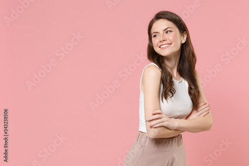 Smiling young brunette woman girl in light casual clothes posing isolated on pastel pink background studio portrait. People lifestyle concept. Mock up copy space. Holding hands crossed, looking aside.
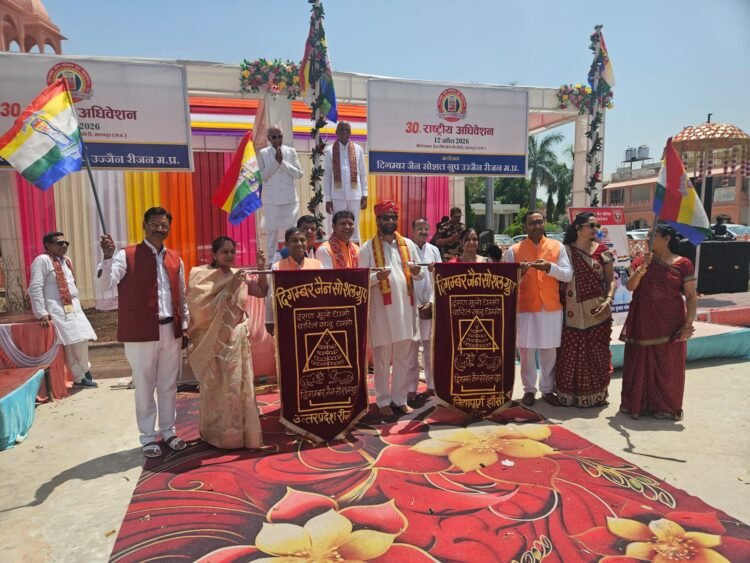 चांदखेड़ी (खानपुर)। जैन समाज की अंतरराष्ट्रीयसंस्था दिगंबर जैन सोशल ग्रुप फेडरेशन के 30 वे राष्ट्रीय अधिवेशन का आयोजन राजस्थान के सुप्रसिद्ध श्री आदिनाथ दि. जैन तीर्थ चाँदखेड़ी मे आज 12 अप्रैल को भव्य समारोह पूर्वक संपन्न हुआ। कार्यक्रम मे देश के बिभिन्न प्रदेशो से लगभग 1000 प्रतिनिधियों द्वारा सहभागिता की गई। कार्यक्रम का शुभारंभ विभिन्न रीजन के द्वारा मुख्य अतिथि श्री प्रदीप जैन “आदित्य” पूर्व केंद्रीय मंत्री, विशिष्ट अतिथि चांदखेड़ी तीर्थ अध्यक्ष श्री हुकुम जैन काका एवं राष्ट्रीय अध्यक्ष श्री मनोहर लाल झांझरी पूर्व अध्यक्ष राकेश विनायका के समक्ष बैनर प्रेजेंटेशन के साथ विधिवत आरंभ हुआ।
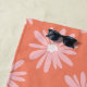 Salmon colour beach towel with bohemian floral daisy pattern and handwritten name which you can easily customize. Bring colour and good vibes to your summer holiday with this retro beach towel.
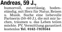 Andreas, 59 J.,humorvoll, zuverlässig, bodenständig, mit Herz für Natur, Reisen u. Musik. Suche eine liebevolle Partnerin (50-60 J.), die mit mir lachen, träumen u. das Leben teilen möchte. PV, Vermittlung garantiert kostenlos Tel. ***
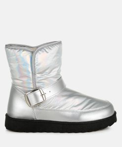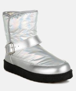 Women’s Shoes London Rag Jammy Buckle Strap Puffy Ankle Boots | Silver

┄┄┄┄┄┄

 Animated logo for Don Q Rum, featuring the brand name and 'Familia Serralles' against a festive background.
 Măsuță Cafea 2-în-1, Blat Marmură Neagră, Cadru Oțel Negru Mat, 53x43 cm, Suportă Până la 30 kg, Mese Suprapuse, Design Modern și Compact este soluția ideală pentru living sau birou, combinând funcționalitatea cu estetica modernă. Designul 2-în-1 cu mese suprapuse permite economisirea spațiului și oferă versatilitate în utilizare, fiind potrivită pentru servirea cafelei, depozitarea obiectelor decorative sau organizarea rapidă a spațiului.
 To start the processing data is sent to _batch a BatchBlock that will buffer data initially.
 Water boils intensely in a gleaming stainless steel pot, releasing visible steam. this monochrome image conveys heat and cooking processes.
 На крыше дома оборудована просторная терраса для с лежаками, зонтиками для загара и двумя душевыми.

┄┄┄┄┄┄

TASK
In the listing above, find the line containing "Măsuță Cafea 2-în-1, Blat" and the line containing "Water boils intensely", then retype both and every line between them exactly, with nothing else.

OUTPUT FOR THIS EXERCISE
 Măsuță Cafea 2-în-1, Blat Marmură Neagră, Cadru Oțel Negru Mat, 53x43 cm, Suportă Până la 30 kg, Mese Suprapuse, Design Modern și Compact este soluția ideală pentru living sau birou, combinând funcționalitatea cu estetica modernă. Designul 2-în-1 cu mese suprapuse permite economisirea spațiului și oferă versatilitate în utilizare, fiind potrivită pentru servirea cafelei, depozitarea obiectelor decorative sau organizarea rapidă a spațiului.
 To start the processing data is sent to _batch a BatchBlock that will buffer data initially.
 Water boils intensely in a gleaming stainless steel pot, releasing visible steam. this monochrome image conveys heat and cooking processes.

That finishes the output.